An EU drive on tax dodging will be its best weapon against Putin

Frankly Speaking

Picture of Giles Merritt
Giles Merritt

Founder of Friends of Europe

The views expressed in this Frankly Speaking op-ed reflect those of the author and not of Friends of Europe.

 


Giles Merritt looks at the mounting costs to Europe of the Ukraine conflict, and compares them with the trillions lost to tax avoidance and evasion.

Autumnal weather is signalling the chill reality of Russia’s economic war with the rest of Europe, but not yet the sheer cost of the conflict. Eyes are beginning to turn, though, to EU and NATO governments’ financial outlook, with tax set to dominate discussions that will be increasingly heated.

The focus will not just be the new taxes needed to pay for the energy crisis but also the taxes that aren’t being paid. Europe and the US each lose at least a trillion euros, or dollars, every year to tax avoidance or evasion. It’s clearly time to address the huge problem of corporate tax dodging and the ability of the world’s wealthiest to pay little or nothing in tax.

Lost annual tax income is being measured in trillions on both sides of the Atlantic

Wage earners and small businesses bear the brunt, being easily assessed and often taxed at source. They are the small fry who lack the crafty lawyers’ and accountants’ familiarity with the loopholes in national tax codes. The big beasts of the world’s corporate jungles are able to use their cross-border transactions and creative balance sheets to reduce their tax bills down to what for them is small change.
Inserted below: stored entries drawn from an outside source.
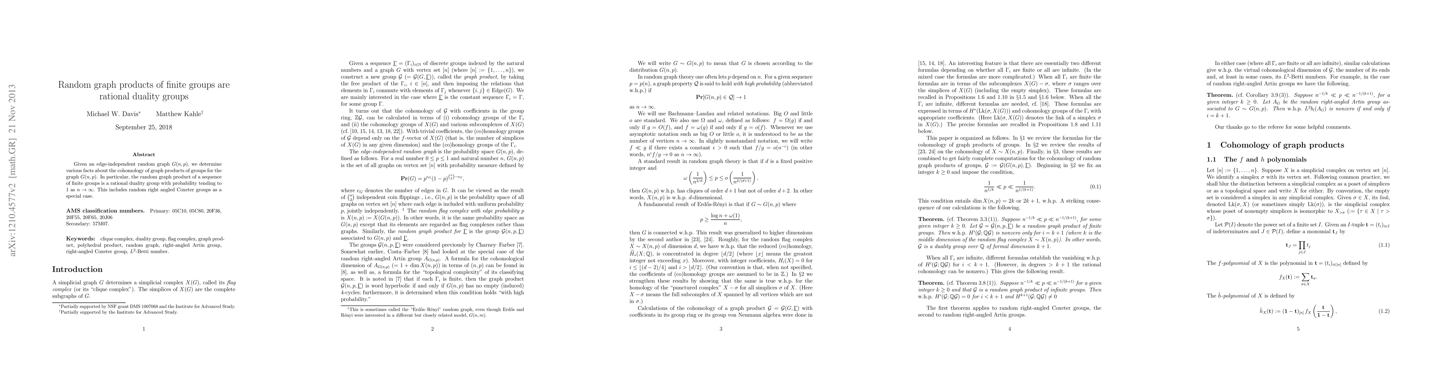 This paper explores the cohomology of graph products of finite groups derived from the random graph G(n,p), demonstrating that these products tend to be rational duality groups with high probability as the graph size increases. This result applies to random right angled Coxeter groups as a specific instance.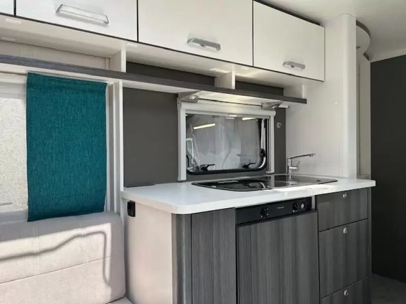De riante rondzit is ideaal om gezellig aan te eten en te drinken, maar kan ook als extra slaapplaats dienen. Centraal in de caravan bevindt zich de praktisch ingedeelde en ruime middenkeuken, welke geheel compleet is uitgerust met een spoelbak, kraan en 3-pits kooktoestel. De apothekerskast biedt u een fraaie opbergruimte voor al uw voorraad. De 5 liter boiler, die in de caravan is ingebouwd, voorziet u snel van warm water. De ladekast biedt u een fraaie bergplaats voor al uw keukenspulletjes.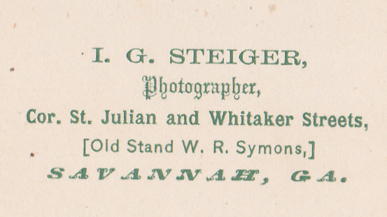 Steiger had the unfortunate luck to have his Savannah photograph card back marks printed incorrectly as I. G. Steiger, rather than as J. G. In both New Haven and Savannah his advertisements were also sometimes incorrect, and at times the city directory also got his initials wrong.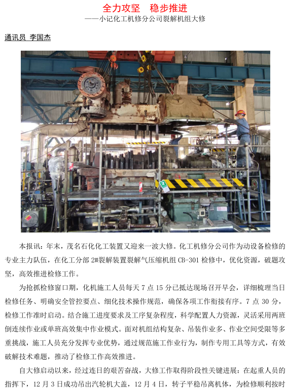 記化工機修分公司裂解機組大修
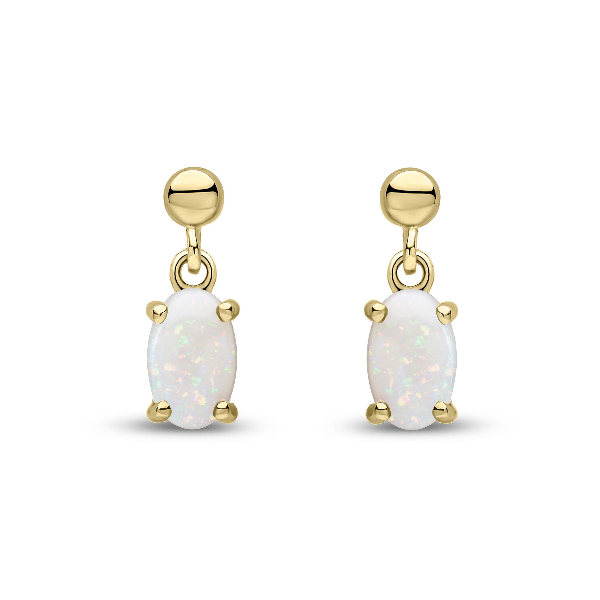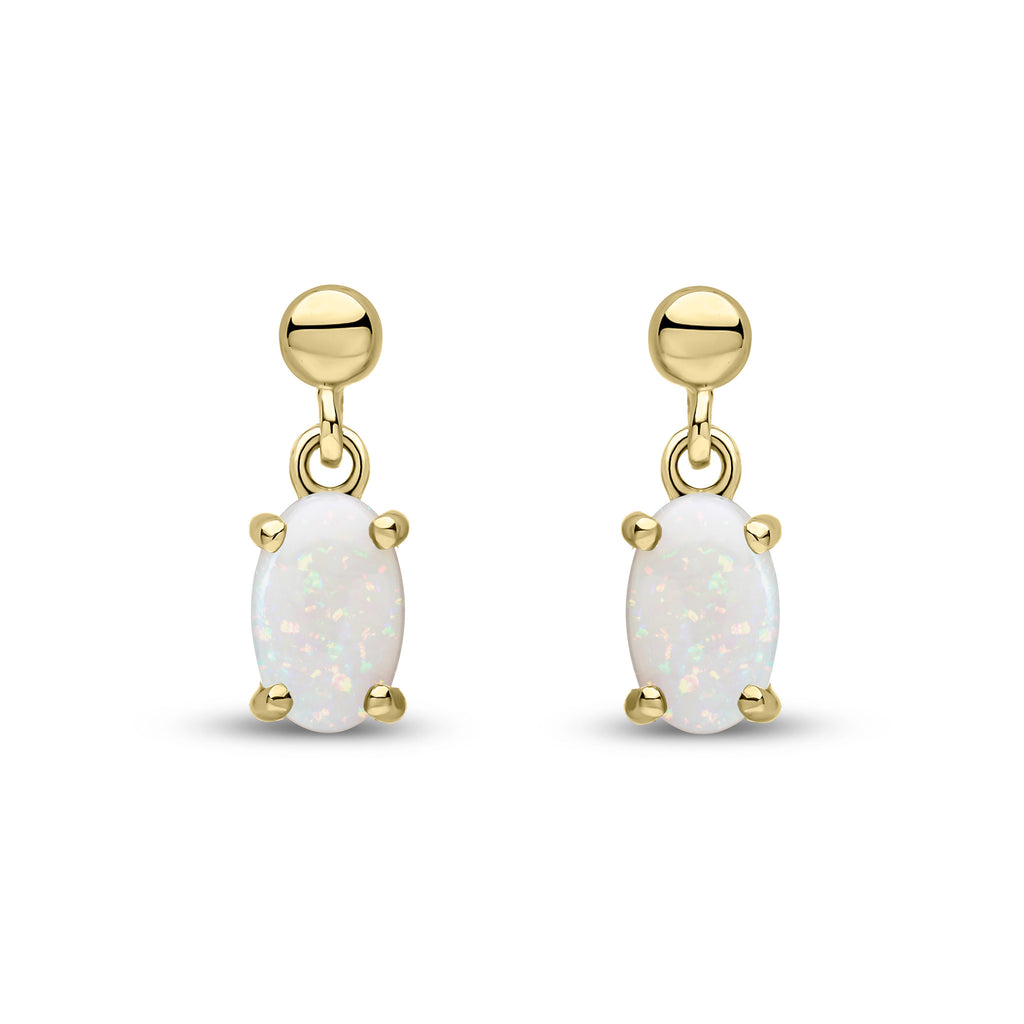 9CT Yellow Gold Oval Opal Drop Earrings 6x4mm

Last year, Chuck Rettig, head of America’s Internal Revenue Service, estimated in testimony to the US Senate that tax evasion was costing the federal government $1 trillion yearly, and that figure excluded the revenues lost to tax breaks and shelters. He was more or less echoing the remarks from a decade earlier of the then president of the European Parliament, German socialist Martin Schulz, who warned that tax avoidance and outright fiscal fraud was costing the EU €1 trillion a year.

Schulz’s point was that if that money was instead going into EU governments’ coffer, the sovereign debt mountains that to this day threaten the eurozone’s integrity could be paid off within ten years. That is the argument that the EU institutions in Brussels must marshal as the costs of Putin’s war begin to mount.
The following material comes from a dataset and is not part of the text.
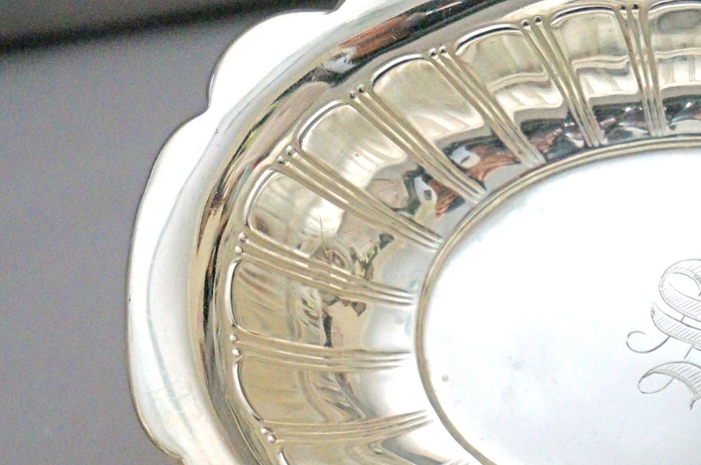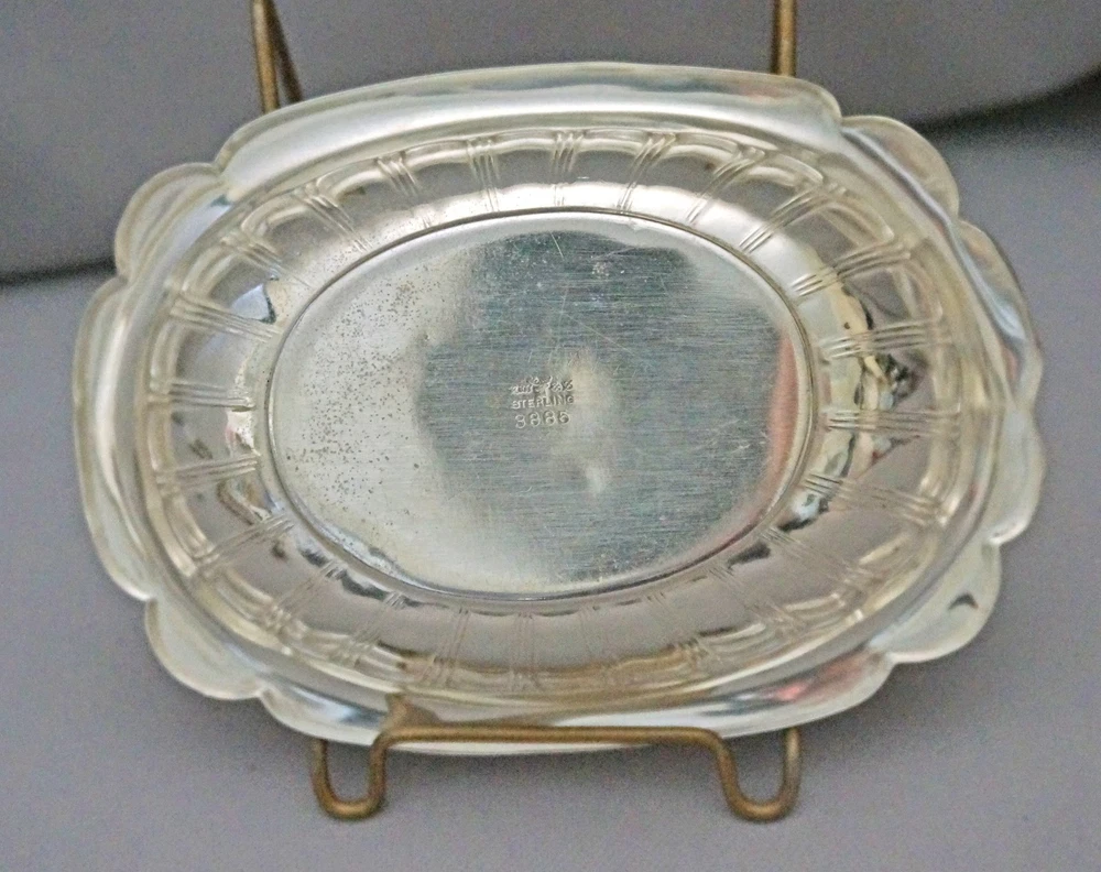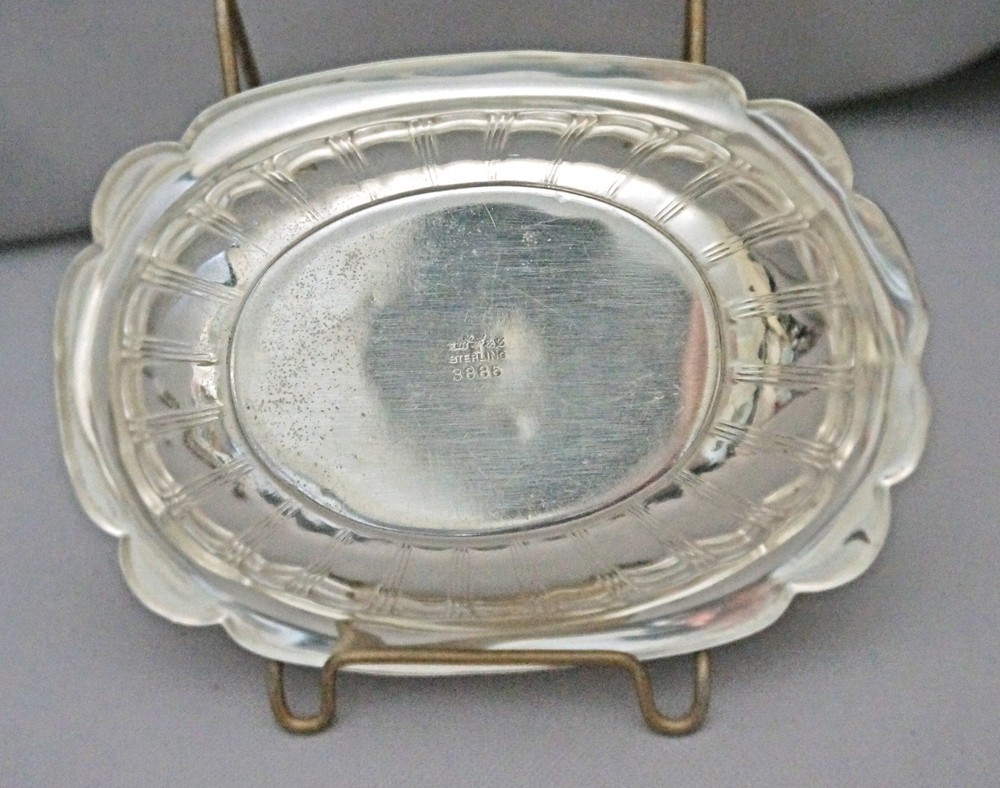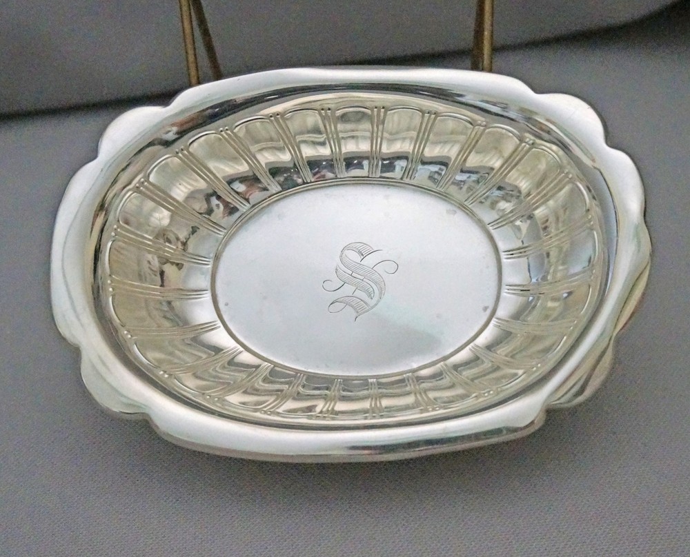 Antique Art Deco R. Wallace Sterling Silver Oval Bowl 100g This is a lovely sterling silver oval shape bowl by ca. 1917-1950 R. Wallace Silver Co.. It has scalloped rim, side has narrow panes all around. Nice art deco piece. It is fully signed as shown. It measures 6.75 x 4 x 1” and weighs 100g. It is in great condition without dents, dings. It has S monogram. We are listing nice sterling pieces, please check them all. NOTE: We have been in antiques business over 30 years. We have been selling on net over 10 years, shipped thousands of thousands items safely. Due to health concerns we have closed our shop 2 years ago. We decided to try eBay to sell our inventory. We finally decided to retire, selling our inventory from our home. Please buy from us with confidence. Payment Transactions must be completed within 5 days of sale. We will be glad to combine your purchases to save you from shipping. If you buy multiple clothing, let me know so I’ll send you a combined invoice. We accept payments through eBay and Paypal only. We don’t accept any other alternative payments. We cannot text you, call you, email you directly. It is against eBay rules. Shipping SHIPPING within the U.S.: Buyer pays for shipping & insurance. Use the shipping calculator to get an accurate shipping quote. We post the size and the weight of our items, eBay calculates the shipping cost through USPS. We charge what USPS charges. Please email us if you are actively bidding on other items. Discounts will be given if items can be combined safely in the same box. We ship mostly via USPS, If you prefer UPS or FedEx, please let me know. We ship worldwide. International buyers: Please check the shipping costs to your country at USPS web site. Please beware first class shipping can’t be tracked and doesn’t have insurance coverage.

Just as lost annual tax income is being measured in trillions on both sides of the Atlantic, so too are the costs of the stand-off with the Kremlin. The slowdown in the EU’s economic activity attributable to sky-high energy costs and cuts in supply is being reckoned at around a trillion euros. In addition, subsidising gas and electricity bills for lower income households in many EU countries will amount to around another trillion, with windfall taxes on energy giants and utilities covering only part of that.

As evasion is only the tip of the tax dodging iceberg, it’s likely that more attention than ever will be focused on this as the costs of Putin’s war mount

Add in the extra defence spending that EU members have signed up to and the burden on taxpayers becomes more than onerous. The New Force Model (NFM) agreed at NATO’s Madrid summit in July boosts high-readiness troop levels from 40,000 today to a targeted 300,000, with the bulk of them coming from European countries. In budgetary terms, that means extra trillions in annual defence spending for the foreseeable future.

Transatlantic solidarity has so far been as much a feature of the responses to Putin’s aggression as has intra-EU cohesion. But a serious threat to this may come with widely expected European attempts to address the tax avoidance problem. Many of the multinational corporations that have been taking advantage of European nations’ competing tax loopholes are American.

It is not only the ‘Fangs’ – Facebook, Amazon, Google and so on – that are increasingly in European tax collectors’ crosshairs. A range of American companies as different as IBM and Chevron are said to pay improbably modest amounts in tax within the EU. Tightening up moves in Europe have already provoked storms of protest from Wall Street and Washington, DC. Although next year sees the introduction of an OECD-inspired international pact on corporation tax between 130 countries, the outlook is for much friction and outraged corporate lobbying.

The US-based International Consortium of Investigative Journalists – the folks who brought us the Panama Papers and more recently the Pandora Papers – reckons that, worldwide, tax evaders may have squirrelled away as much as $32 trillion. As evasion is only the tip of the tax dodging iceberg, it’s likely that more attention than ever will be focused on this as the costs of Putin’s war mount higher and higher. The pressure on EU governments to accept anti-avoidance proposals from the Brussels institutions will certainly intensify.